● What you will do
Transcribe the whole listing below. Pictures do not go in the copy.

● Data section
_ _ _

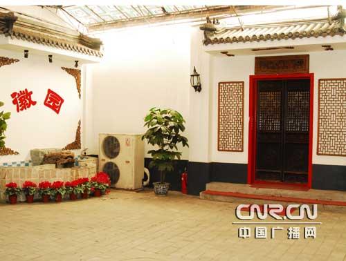 记者来到位于什刹海之畔不远的小石虎胡同,果然,装潢朴素大方的徽园食府很明显地令记者在胡同中发现。据说这里原是一个废弃的工厂厂房,如今的徽园已将这里改造成了一个文化气息十足的餐饮文化于一体的综合性食府了。
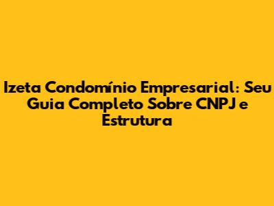 Hey pessoal! Se você está buscando informações detalhadas sobre o Izeta Condomínio Empresarial e, principalmente, sobre o CNPJ envolvido, chegou ao lugar certo. Neste artigo, vamos mergulhar fundo nos aspectos cruciais que você precisa conhecer. Prepare-se para uma análise completa, com dicas valiosas e informações que vão te ajudar a entender tudo sobre esse empreendimento e como ele funciona. Então, vamos nessa?
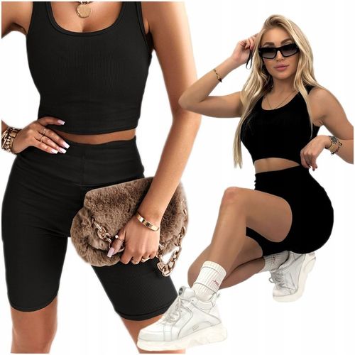 Ten dopasowany komplet damski, składający się z prążkowanego topu i kolarek, został uszyty w Polsce z najwyższej jakości materiałów. Doskonale łączy komfort z modnym wyglądem, dzięki czemu zapewnia pełną swobodę ruchów bez uszczerbku na stylu.

_ _ _

● Exercise result
 记者来到位于什刹海之畔不远的小石虎胡同,果然,装潢朴素大方的徽园食府很明显地令记者在胡同中发现。据说这里原是一个废弃的工厂厂房,如今的徽园已将这里改造成了一个文化气息十足的餐饮文化于一体的综合性食府了。
 Hey pessoal! Se você está buscando informações detalhadas sobre o Izeta Condomínio Empresarial e, principalmente, sobre o CNPJ envolvido, chegou ao lugar certo. Neste artigo, vamos mergulhar fundo nos aspectos cruciais que você precisa conhecer. Prepare-se para uma análise completa, com dicas valiosas e informações que vão te ajudar a entender tudo sobre esse empreendimento e como ele funciona. Então, vamos nessa?
 Ten dopasowany komplet damski, składający się z prążkowanego topu i kolarek, został uszyty w Polsce z najwyższej jakości materiałów. Doskonale łączy komfort z modnym wyglądem, dzięki czemu zapewnia pełną swobodę ruchów bez uszczerbku na stylu.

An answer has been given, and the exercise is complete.